時にはうまく風に乗れなくて地面に押しもどされることもある。でも、あきらめることなく、また高い空へと挑んでいくのじゃ。
上空は水がいっしゅんで氷になるマイナス40度。酸素も、うすくて息苦しい。
風は嵐のように激しい。でも、つばさを広げたアネハヅルたちは、負けない。何度だって挑戦する。
どれくらい時間がたった時じゃったか。ツルたちはとうとう、1羽、また1羽と、次々にわしの頭を飛び越えていったのじゃ。
「なんと、ついにやりおった!」
わしは思わず、はく手を送った。ツルたちは自分に勝った喜びにあふれ、太陽をあびて金色《こんじき》にかがやき光っている。
そして、晴れやかな笑顔で手をふって、暖かい国を目指して、空の向こうへと舞い飛んでいった。
みんなも、きっと同じじゃよ。大きな目標に向かって進めば、それだけ大きな力が出るもんじゃ。
みんなの挑戦を、わしは、ずっと見守っておるぞ──。
 
ネパールは、仏教を最初に説き始めたブッダ釈尊)が生まれた国です。
ヒマラヤの写真を撮ったあと、私は、集まっていた子どもたちに呼びかけました。
ブッダは、偉大なヒマラヤを見て育ったんです。あの山々のような人間になろうとがんばったのです。
堂々とそびえる勝利の人へと自分をつくり上げたんです。みなさんも同じです。
すごいところに住んでいるんです。必ず、偉大な人になれるんです」
早いもので、もう23年になります。
当時、出会いを結んだネパールの少年少女たちも、みんな立派な青年に育ちました。
世界で大活躍する様子を伝えてくれる友もいます。
今、私の何よりの楽しみは、少年少女部のみなさんが、ヒマラヤのようにそびえる「勝利の人」へと成長していく姿を、思いえがくことです。
みなさんが、この1年、どんな夢を広げるだろう、そして夢に向かってどんな目標をかかげて、挑戦し羽ばたいてくれるのだろうと考えるだけで、私の心は、はずみます。

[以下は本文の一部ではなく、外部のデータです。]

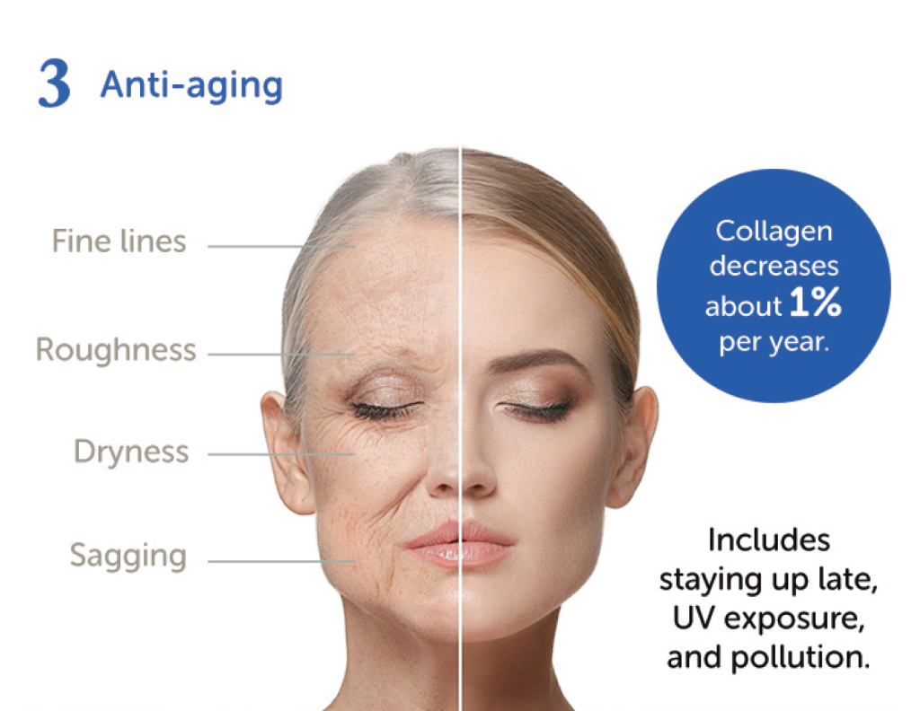 Anti-aging, improves normal cellular function, reduce pigmentation.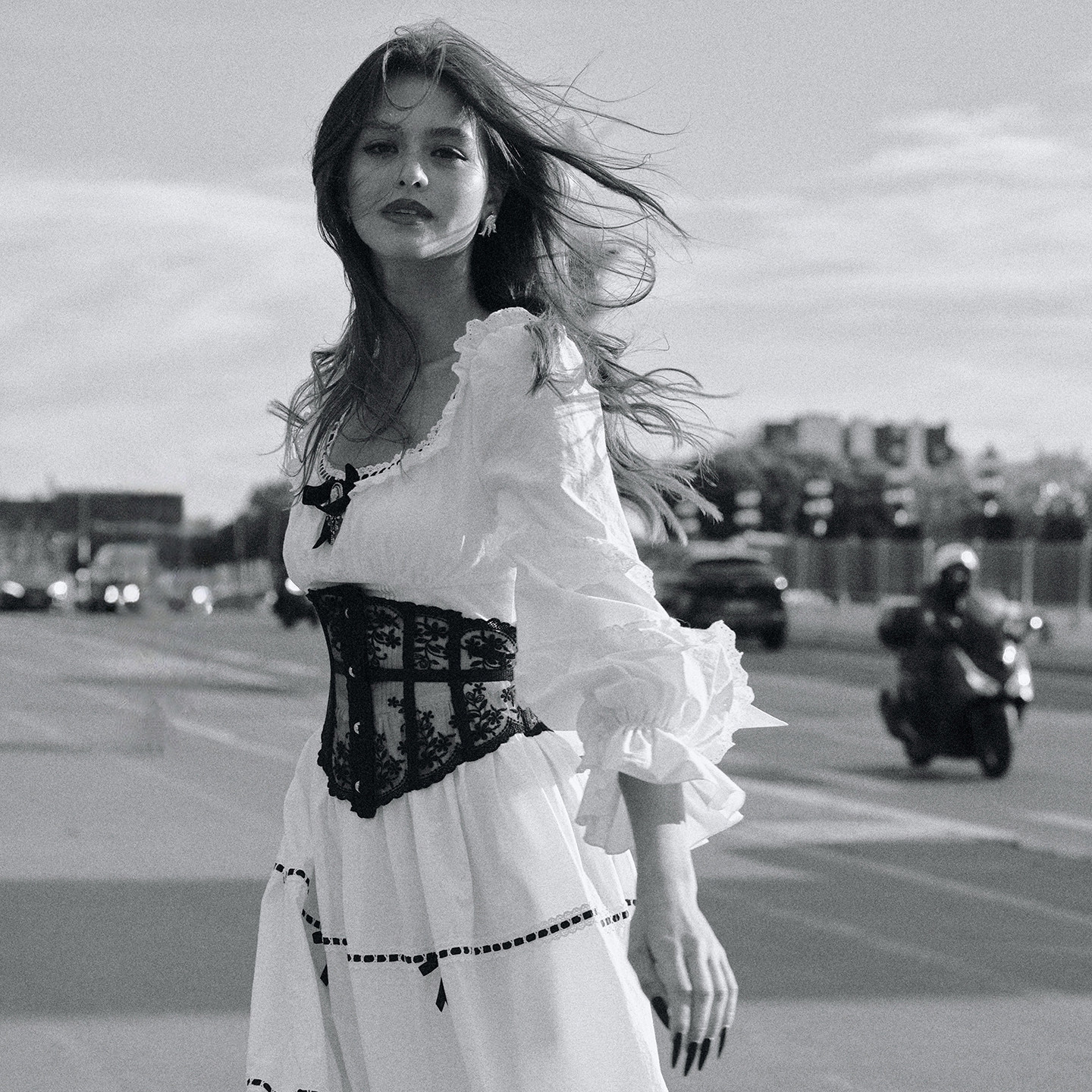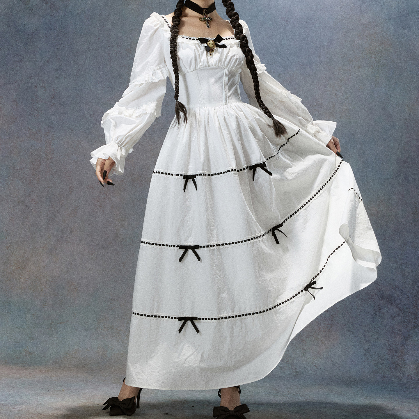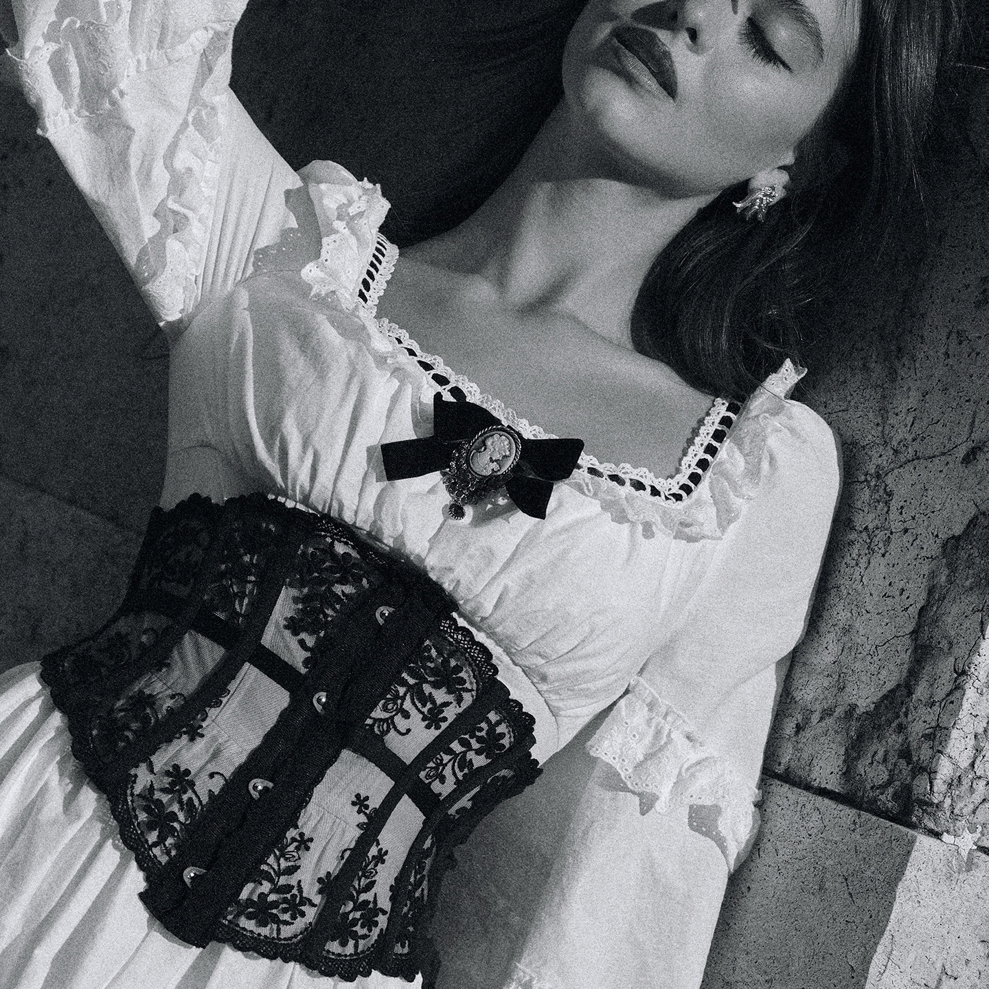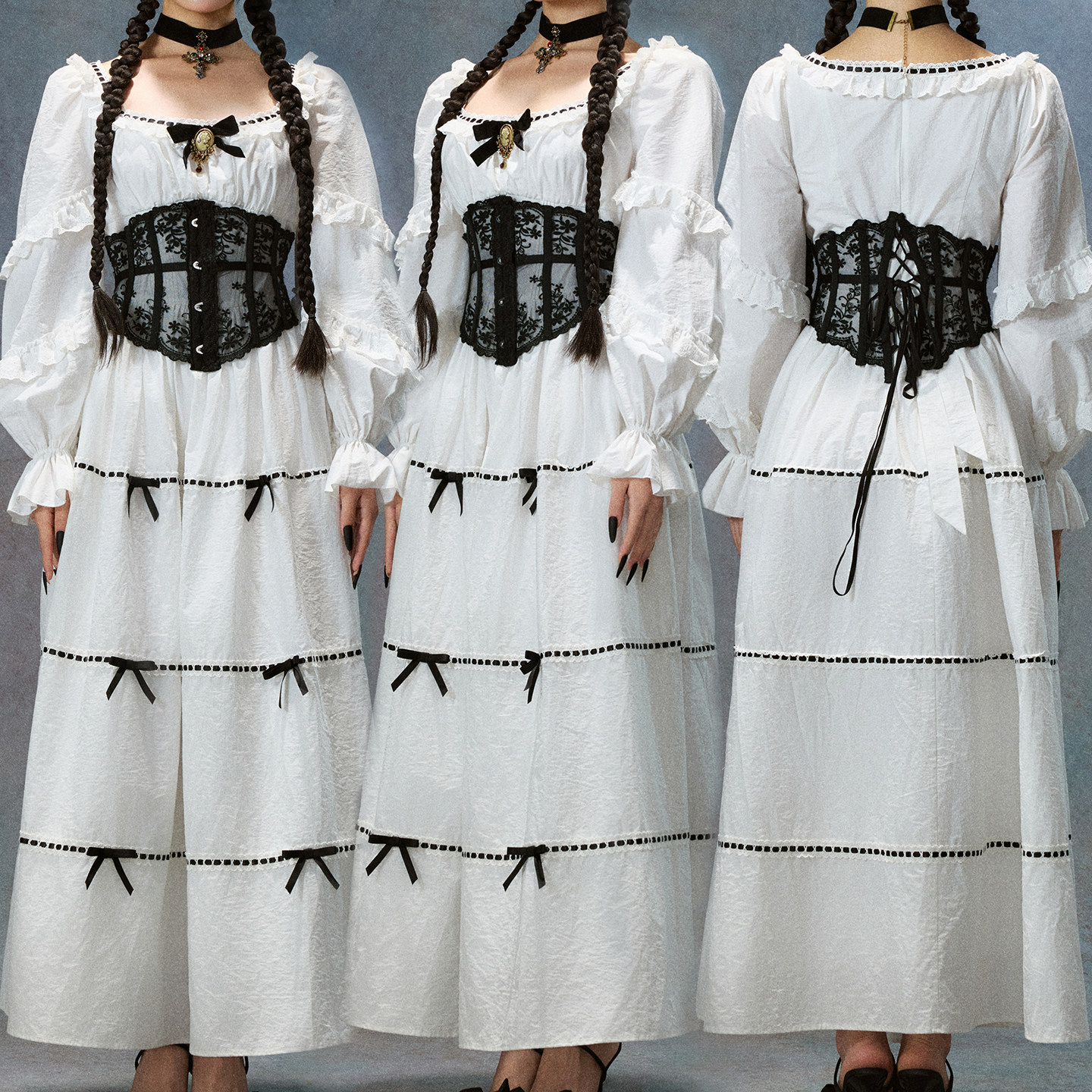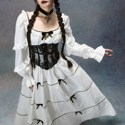 LaceMade 幽灵颂歌 法式万圣节暗黑氛围感白色连衣裙鱼骨腰封套装

みなさんが、がっかりしたり、くやしい思いをしたりしている時も、私は、ずっとずっと、みなさんを信じ、応援し、題目を送り続けていきます。
さあ前進だ! 向上だ! 飛翔だ! 自分自身の夢に向かって、いっしょに挑戦を開始しよう!
 
池田先生とヒマラヤの国・ネパール
 
池田先生は19951011月にネパールを訪問し、名門トリブバン大学で講演を行うとともに、同大学から名誉文学博士号を受けられました。
その翌年、先生は東京・関西創価小学校の入学式に送ったメツセージで、ヒマラヤを飛び越えていくアネハヅルの話を通して、次のように語っています。
「みなさんには、絶対に負けない『勇気のつばさ』『希望のつばさ』があります。何があっても、がんばりぬく人が、一番、偉いのです」
先生は97年に、ネパールを舞台にした創作童話『ヒマラヤの光の王国』も作られました。今では中国語(繁体字)と韓国語に翻訳され、アニメにもなっています。